Pressure sensors having ceramic platforms are applied for measuring pressures. Among these pressure sensors are absolute pressure sensors, which measure the absolute pressure acting on the measuring membrane relative to vacuum, relative pressure sensors, which measure the pressure acting on the measuring membrane relative to a reference pressure, such as e.g. the current atmospheric pressure, supplied to the pressure measuring chamber, as well as pressure difference sensors, which register a pressure difference between a first pressure acting on a first side of the measuring membrane and a second pressure acting on a second side of the measuring membrane.
Pressure sensors are widely applied in almost all fields of industrial measurements technology. Ceramic platforms offer the advantage that they are not only thermally, chemically and mechanically very resistant, but also have a very high pressure resistance. Pressure sensors having ceramic platforms must be mounted at the location of use and be supplied via corresponding process connections or pressure supply lines, depending on sensor type, with the pressure to be measured, the pressure to be measured plus the reference pressure, respectively the two pressures, whose difference is to be measured.
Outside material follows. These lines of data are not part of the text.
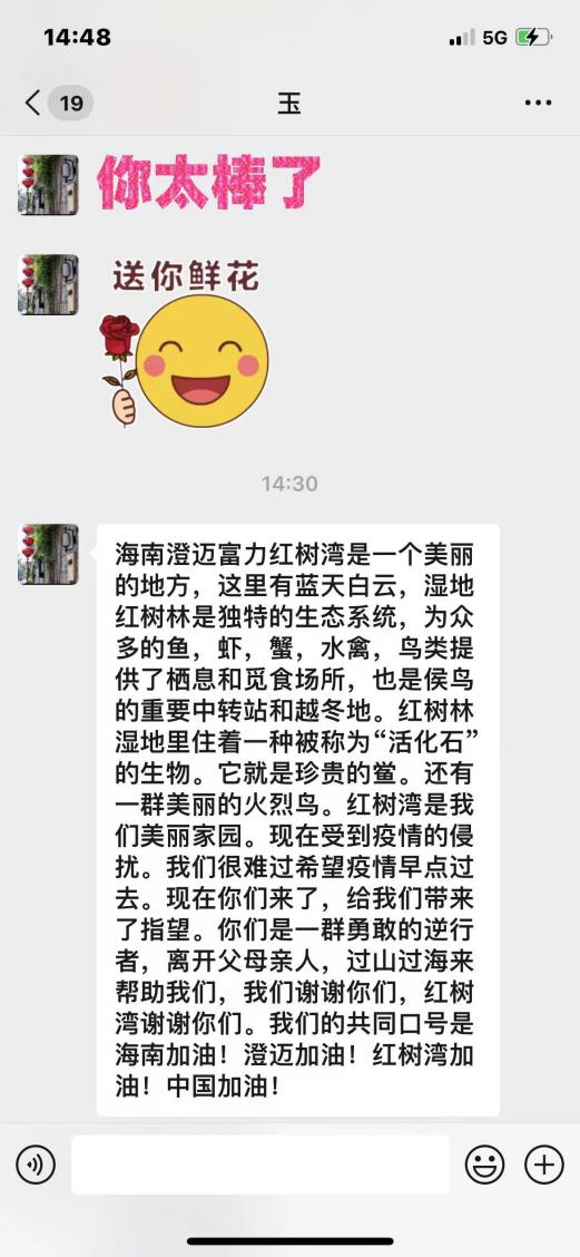 海口市澄迈县红树湾业主阿姨向一附院医疗队队员韩会发来感谢信,邀约疫情结束后再次前往红树湾欣赏美景!看海南的阳光更加明媚,更加灿烂!
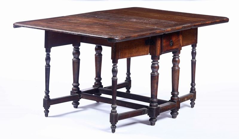 Tavolo a bandelle in noce. Probabilmente Francia, fine XVIII, inizi XIX secolo
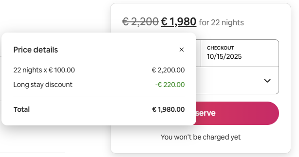 - If you have multiple discounts of the same type (e.g. weekly and monthly), the one that is the most beneficial for the guest will apply.

For this, pressure sensors are applied e.g. in housings equipped with process connections, or in another manner connected with process connections and/or pressure supply lines. Housings, process connections and pressure supply lines are regularly built of metal, e.g. stainless steel.
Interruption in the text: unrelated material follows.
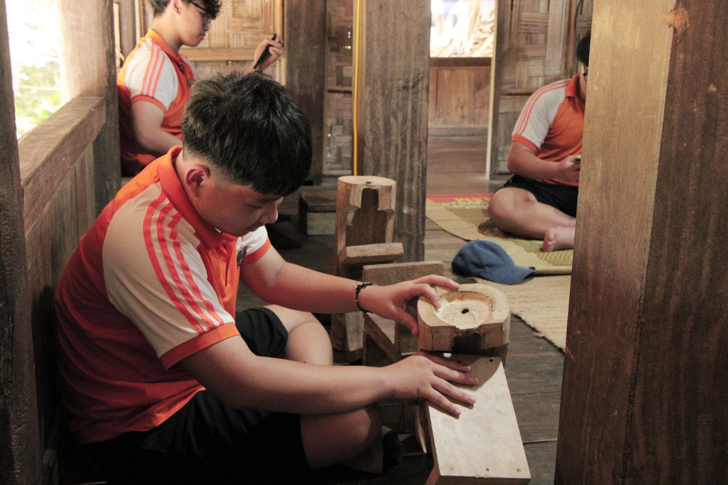 Tiếp đó, học sinh các lớp chia nhóm tham quan các khu làng dân tộc, tìm hiểu về kiến trúc nhà ở, trang phục, phong tục tập quán và những nét văn hóa đặc trưng của từng vùng miền. Đặc biệt, nhiều bạn còn được trực tiếp tham gia chế biến các món ăn truyền thống như xôi tím của người Khơ Mú, bánh Uôi của người Mường hay bánh chưng của người Lào. Những trải nghiệm này không chỉ mang lại sự hứng thú mà còn giúp học sinh hiểu rằng văn hóa được tạo nên từ chính đời sống thường nhật, từ những điều giản dị nhưng giàu ý nghĩa trong mỗi cộng đồng dân tộc. Qua đó, niềm tự hào về sự đa dạng và phong phú của văn hóa Việt Nam cũng được nuôi dưỡng một cách tự nhiên và sâu sắc.
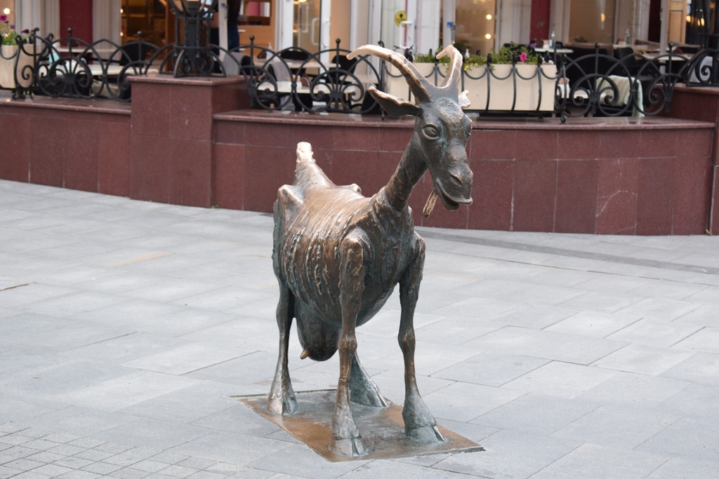 Здесь же недалеко от театра установлена и другая любопытная скульптура Веселая коза. Она появилась здесь в 2005 году в честь театральных капустников, регулярно проводимых в Нижнем Новгороде.

The ceramic platform is, thus, regularly mechanically connected with at least one metal body via a pressure-tight connection.
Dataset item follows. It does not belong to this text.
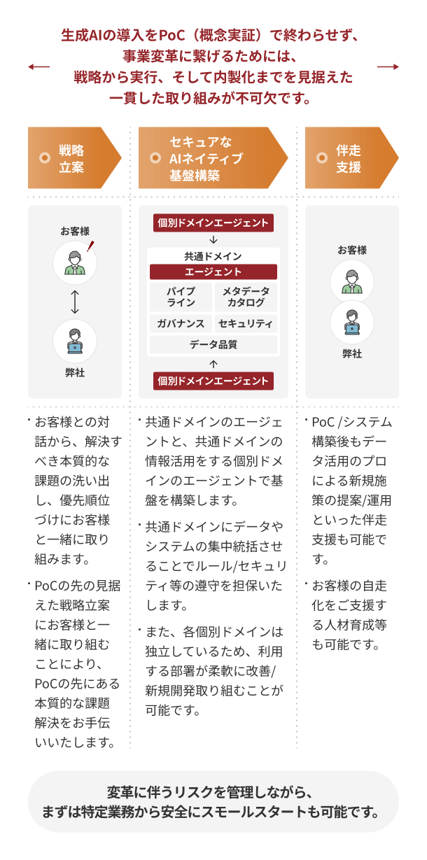 PoCで終わらせない、Vertex AI等の高度な活用を軸とした戦略立案から、セキュアなAIネイティブ基盤の構築、そしてデータ活用のプロによる伴走支援を通じた事業変革までを一気通貫で実現します。ブレインパッドは、VertexAI等の高度な活用戦略の策定から、全社統制とセキュリティを両立する「AIネイティブ基盤」の構築、さらにはお客様の自走化を支援する人材育成までを“一丸”となって支援します。

In such case, there is the problem that ceramic has a thermal coefficient of expansion, which significantly differs from the thermal coefficient of expansion of the usually installed metal body. Ceramic materials have a thermal coefficient of expansion, which typically lies in the order of magnitude from 5 ppm/K to 8 ppm/K. In contrast, stainless steels have a clearly higher thermal coefficient of expansion in the order of magnitude above 16 ppm/K.